## Activity
Using the records below, write out only the lines from the line containing "Amlada Kalan village" up to and including the line containing "This is our", exactly, with no pictures.

## Dataset excerpts
------------------------

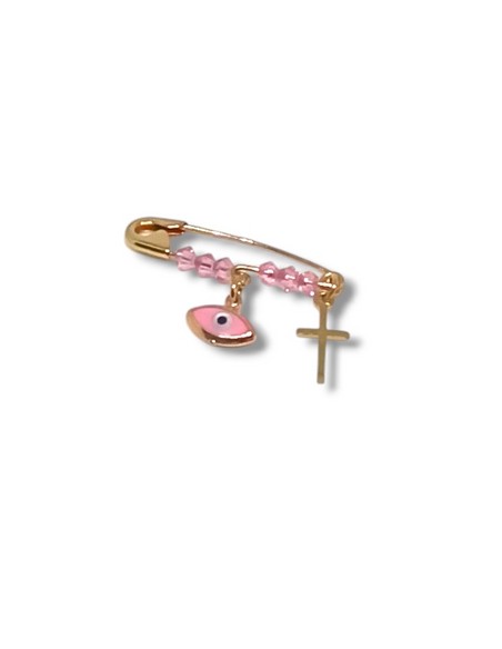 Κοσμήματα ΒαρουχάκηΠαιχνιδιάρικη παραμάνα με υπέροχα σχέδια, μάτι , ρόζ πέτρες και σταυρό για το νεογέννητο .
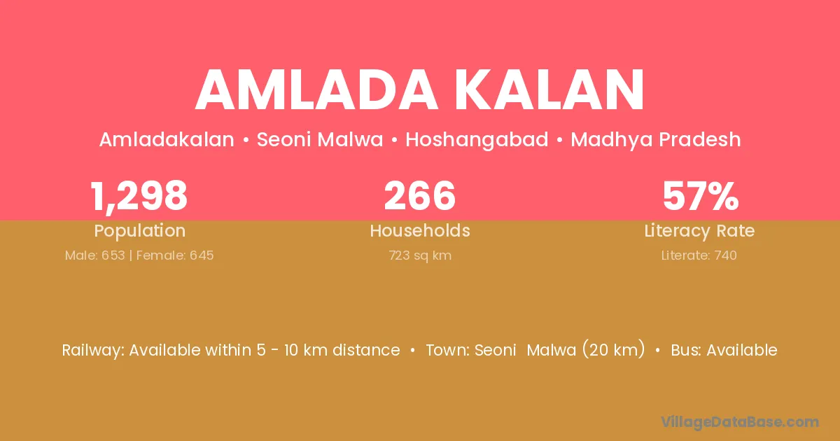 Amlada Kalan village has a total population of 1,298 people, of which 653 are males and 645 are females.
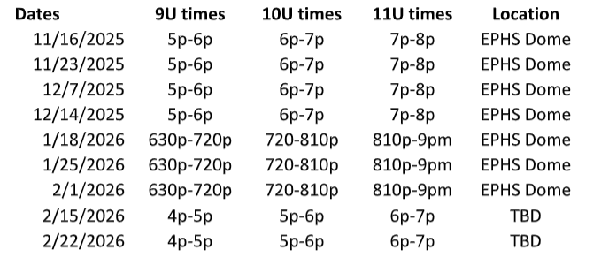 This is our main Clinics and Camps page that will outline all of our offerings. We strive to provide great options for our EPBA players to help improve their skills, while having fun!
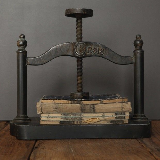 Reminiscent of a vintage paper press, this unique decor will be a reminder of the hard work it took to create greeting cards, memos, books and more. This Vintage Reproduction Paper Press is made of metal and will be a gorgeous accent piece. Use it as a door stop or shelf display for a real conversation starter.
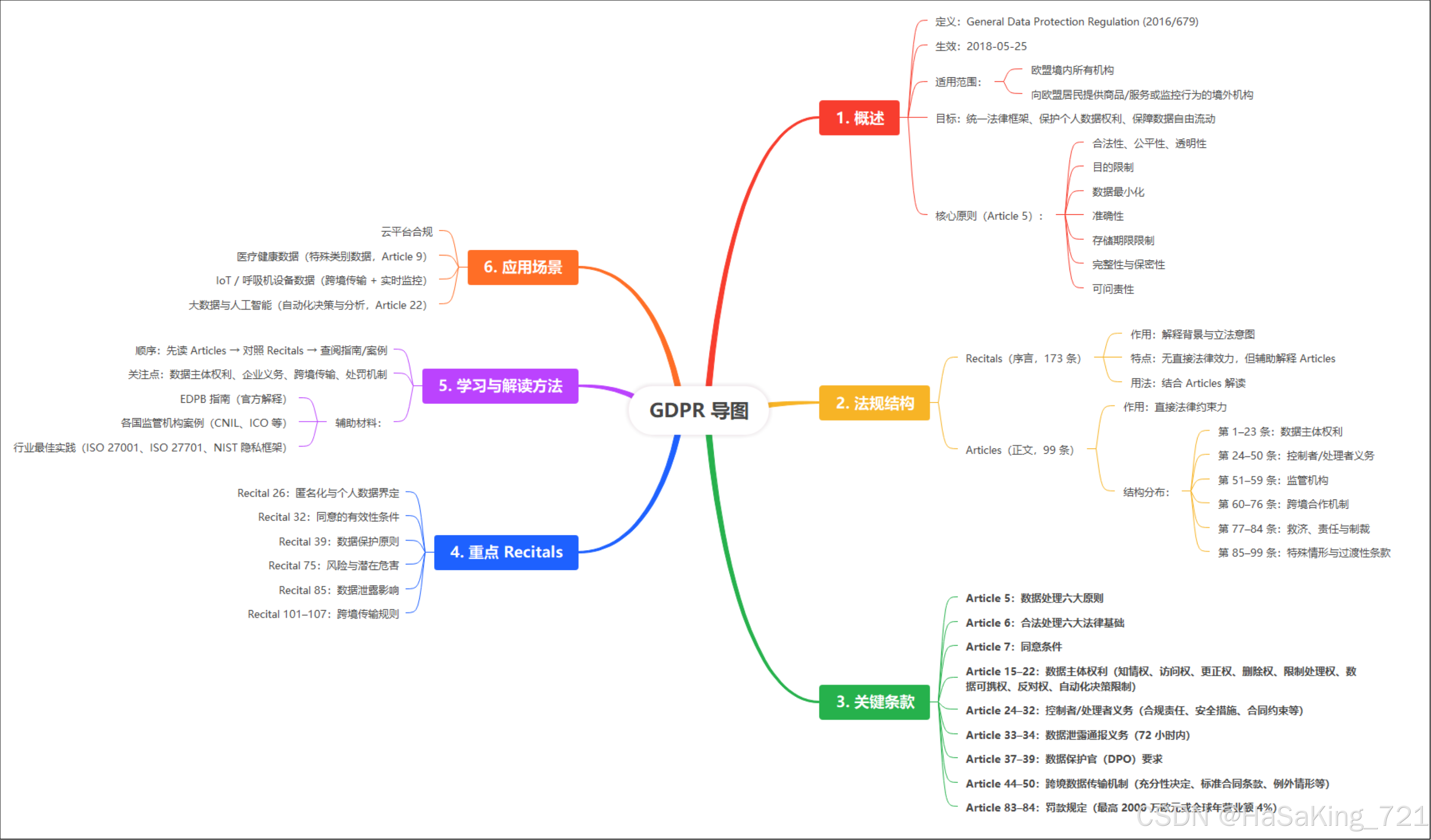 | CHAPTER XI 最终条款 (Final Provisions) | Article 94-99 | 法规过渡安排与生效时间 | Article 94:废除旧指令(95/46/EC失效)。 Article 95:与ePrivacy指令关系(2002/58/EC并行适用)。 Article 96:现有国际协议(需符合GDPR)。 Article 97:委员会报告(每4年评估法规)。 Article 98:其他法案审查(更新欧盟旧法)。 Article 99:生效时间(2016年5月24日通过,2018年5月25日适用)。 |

------------------------

## The answer
 Amlada Kalan village has a total population of 1,298 people, of which 653 are males and 645 are females.
 This is our main Clinics and Camps page that will outline all of our offerings. We strive to provide great options for our EPBA players to help improve their skills, while having fun!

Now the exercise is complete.